Monday 11 September 2017

11th EUCO-TCC - Barcelona

11th European Conference on Theoretical and Computational Chemistry 3rd-7th of September, Barcelona, Spain

The central courtyard of the institute bathed in the glorious Barcelona sun.
Hosted at the Institute for Catalan Studies (IEC), in Barcelona, a majestic building built in the 17th century, the IEC, along with EuCheMS (European Chemical Services), hosted the 11th European Conference on Theoretical and Computational Chemistry.
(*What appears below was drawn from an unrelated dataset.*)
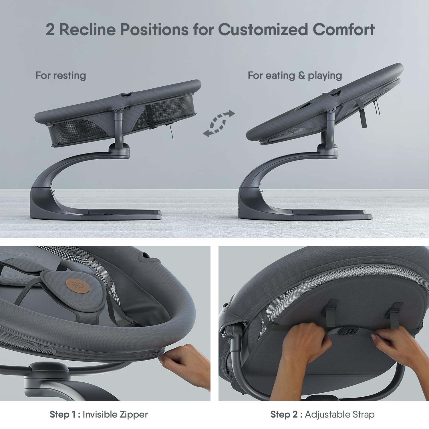 - Q: Does the Baby Swing have adjustable seat positions? A: Yes, the Baby Swing offers two adjustable seat positions to accommodate your baby's spine development, with angles of 27 degrees for play and 12 degrees for rest.

As a computational chemist working in material science this was the perfect opportunity to network with a diverse group of researchers, who all share the same interest in simulating chemistry at the atomic level. Topics included solvation, catalysis, biochemical reactions, and material science. Given the nature of the conference there was also a focus on the techniques being developed to simulate these systems, such as density functional theory, molecular dynamics, and machine learning.

Highlights for myself included the work by Matti Hellstroem, from Georg-August-Universitat Goettingen, who works for Jorg Behler. Matti presented recent work on simulations of water and sodium hydroxide using the Behler type neural network potentials. The simulations represent how mature these methods are, though also demonstrate that there are still some hurdles to overcome. Mattis’ demonstration of the process of proton transfer through the system, and the importance of the types of clusters that form locally about sodium to enable the making and breaking of bonds.

The SnIP double helix structure
Tom Nilges from the Technical University of Munich, presented his work on the curious inorganic double helix SnIP semiconductor that have potential as a functional material. The double helices consist of  twisted chains of tin iodide (SnI+) intertwined phosphide (P–) chain. The band gap of the material, and mechanical strength, lends itself well to potential solar cell applications, and the next steps are exploring the analogues of the material.

The keynote lecture, and EuChemMS award winner, Ursula Roethlisberger, from Ecole Polytechnique Federale de Lausannae, Institut des Sciences det Ingenierie Chimiques, presented her novel work combining machine learning and computational chemistry. Primarily her work utilises DFT calculations to generate high quality, and well sampled training data, that can then lead to quick hits for discovering molecules with ideal properties. I also took the time to chat to her regarding her work on simulating MALI and related photovoltaic materials, and how she is using machine learning to search the structure space of these materials.

Overall the conference was an excellent opportunity to connect with fellow computational chemists, some who are familiar faces, and to present the research from the SUbST group to a wider audience.